Нацепив на крупный мясистый нос очки в черной тяжелой роговой оправе, директор Лувра поставил размашистую подпись.
– Поздравляю вас, господин директор, – официально произнес Джиованни Поджи. – «Мона Лиза» возвращается во Францию. – И, разлепив губы в широкой довольной улыбке, добавил: – Вы даже не представляете, как я вам завидую!
– Представляю…
– У нас есть для вас подарок.
– Это какой же? – удивленно посмотрел на приятеля Генри Марсель. – Уж не хотите ли вы вручить нам еще одну «Мону Лизу»?
– Ха-ха! Я очень ценю французский юмор. Мы, итальянцы, не умеем так шутить. Я хочу подарить вам ящик, в котором вы повезете картину в Париж. Принесите! – обратился Поджи к смотрителям, находившимся в зале. – Не нести же нашим гостям «Мону Лизу» в руках через весь город!

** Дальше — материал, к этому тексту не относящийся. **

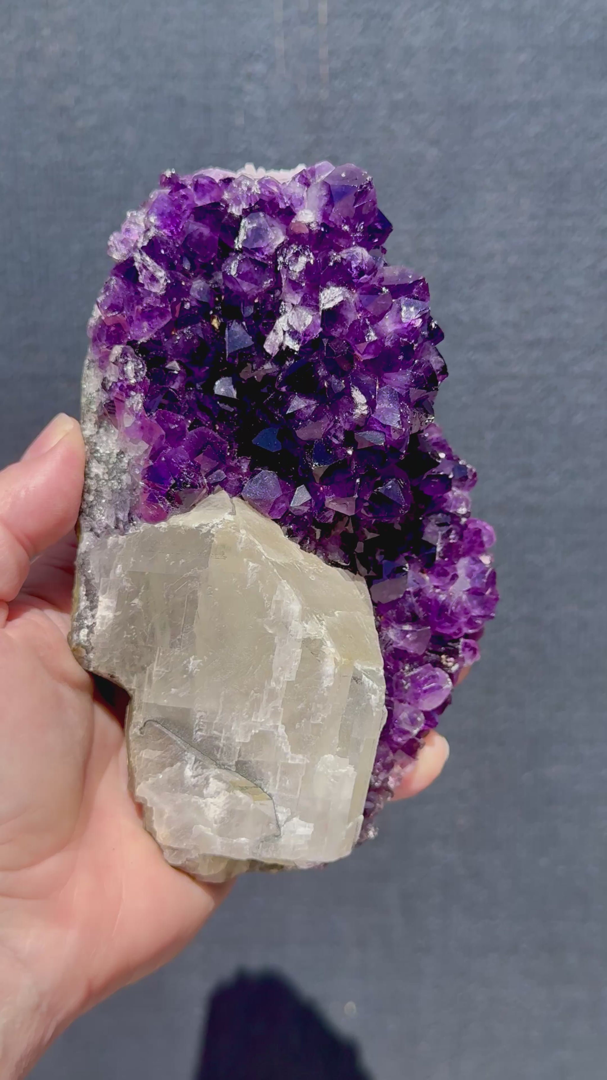 This stunning Amethyst from Uruguay showcases rich, deep purple crystal points that sparkle beautifully under the light. Nestled within the piece lies a striking natural calcite formation that full of rainbows, adding unique contrast and texture to the piece. The combination of Amethyst’s soothing, protective energy and Calcite’s uplifting, cleansing vibration makes this geode both visually captivating and energetically powerful. A true collector’s piece—perfect for display, meditation, or adding a touch of natural elegance to any space.

Сгибаясь под тяжестью, двое смотрителей внесли в зал резной ящик из розового дерева, украшенный позолотой. Изящный, выполненный с большим вкусом, он походил на экспонат, выставленный в музее.
– Не слишком ли роскошно? – хмыкнул Генри Марсель, погладив золоченую крышку.
– Для такой картины, как «Мона Лиза», ничего не бывает слишком, – напыщенно заметил Поджи. – Сделали точно по размеру рамы, так что этой красивой даме здесь будет весьма комфортно. В такой колыбели можно выдержать самое дальнее путешествие.
Картину аккуратно положили на дно ящика и аккуратно прикрыли крышкой.
– Теперь она никуда не денется.
В зал вошел начальник полиции Марко де Льянос.
– Господа, у нас есть оперативная информация, что наиболее настроенные националистические элементы хотят отбить у вас «Мону Лизу».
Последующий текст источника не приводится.